Plus tôt dimanche, après avoir mis son bulletin dans l'urne, M. Anastasiades, homme à poigne réputé pragmatique, a tenu à rappeler que ses compatriotes étaient appelés à choisir l'homme qui déterminera "le futur de Chypre".

Selon les résultats partiels, M. Malas semble donc arriver devant Nicolas Papadopoulos (centre), fils d'un ancien président, qui défend des positions plus fermes sur les pourparlers de paix et bénéficie du soutien de différents petits partis.

 'Espoirs déçus' 

La division de Chypre, ancienne colonie britannique, perdure depuis 1974, quand des troupes turques ont envahi le tiers nord de l'île en réponse à un coup d'Etat à Nicosie, qui inquiétait la minorité turque.

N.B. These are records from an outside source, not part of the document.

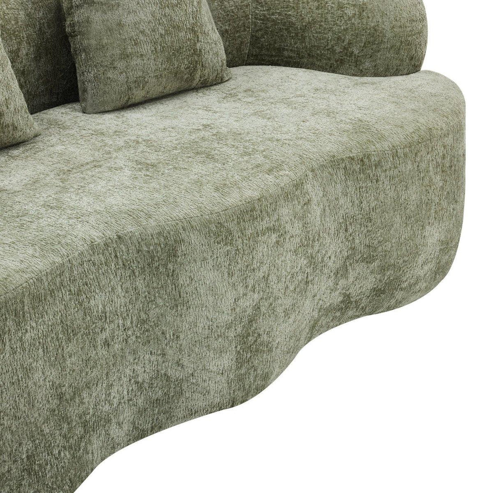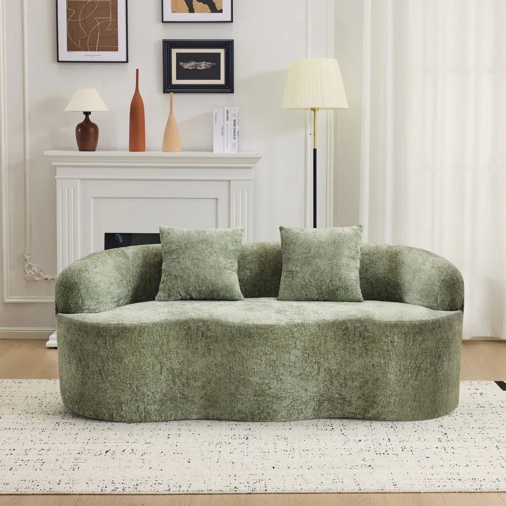 Green Curved Minimalist Foam Spring Loveseat With Pillows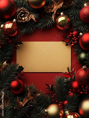 © LookChin AI, Fototapeta premium Elegantly Decorated Christmas Banner with Clear Center for Big Text
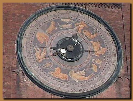 innalzata nel 1267. Nella foto un particolare dell'orologio della torre, che oltre alle ore segna anche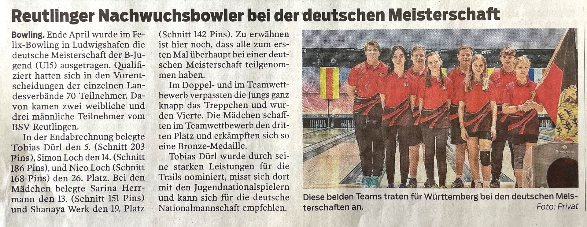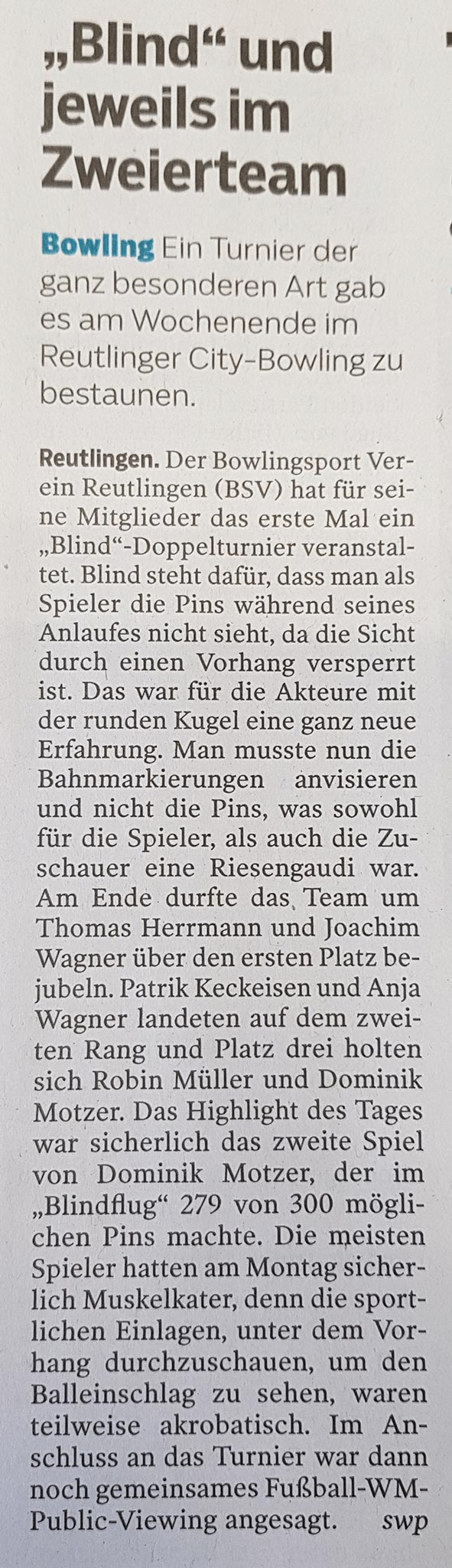 Das Reutlinger Doppel Robin Müller und Moritz Uber verpassen wegen 14 Pins das Halbfinale !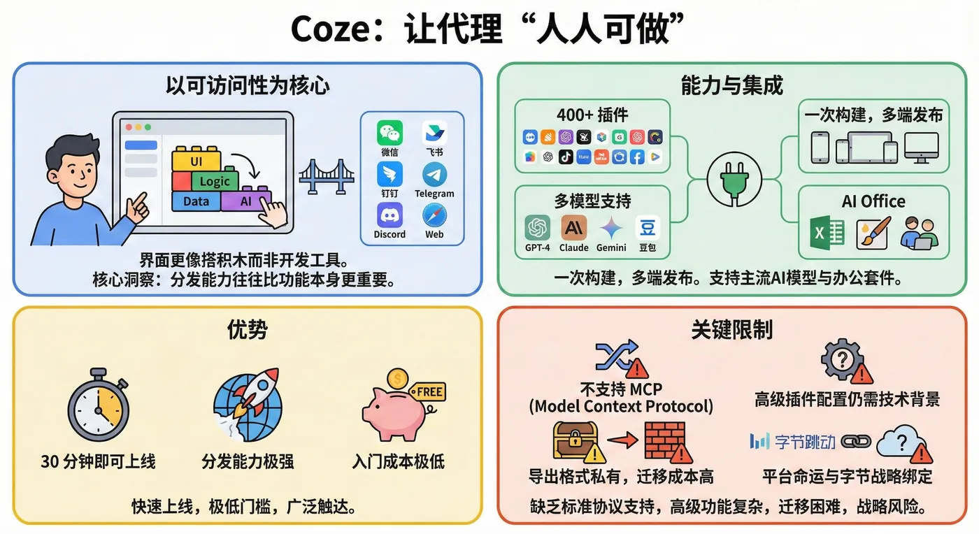 分发倍增器是 Coze 的独特优势。从单一界面发布到多个平台解决了一个实际问题。大多数成功的智能体应用程序需要出现在用户已经花费时间的地方。Coze 让这变得简单直接。

Les questions économiques ont largement dominé la campagne, reléguant au second plan les pourparlers de réunification, au point mort après l'échec des négociations sous l'égide de l'ONU en 2017.

Après des décennies de division, la lassitude a gagné du terrain et le président élu devra relever un défi de taille pour convaincre les sceptiques, de plus en plus nombreux, en cas de reprise des pourparlers.

A la sortie des bureaux de vote à Nicosie, beaucoup d'électeurs affichaient leur résignation, ont constaté des journalistes de l'AFP.

"Certains Chypriotes sont lassés des politiciens. Cela fait maintenant 44 ans (que l'île est divisée), que les habitants entendent chaque jour la même chose. Leurs espoirs sont déçus", a déploré Andreas Sevastides, retraité de 68 ans.

Fonctionnaire à la retraite, George Georgallides dit avoir voté pour le candidat Papadopoulos, reprochant au président sortant d'avoir "tout accepté" lors des négociations.

"Si nous relançons les pourparlers, alors il faudra recommencer à nouveau depuis le début", a-t-il ajouté.

Cette présidentielle voit par ailleurs la présence inédite d'un candidat du parti d'extrême droite Elam, qui a remporté deux sièges au Parlement en 2016.

Après une grave crise en 2013, l'économie a quant à elle connu un redressement rapide, aidée par le boom du secteur touristique qui a connu en 2017 un record historique.

Malgré tout, "la reprise reste relative", affirme à l'AFP l'économiste Fiona Mullen, directrice du cabinet de consultants Sapienta Economics. Si l'économie croît rapidement, elle est toujours en deçà de son niveau de 2012, rappelle-t-elle.

Le taux de chômage s'élevait ainsi à 11% fin 2017, soit le troisième plus important de l'UE, et à 25% chez les jeunes, selon Eurostat.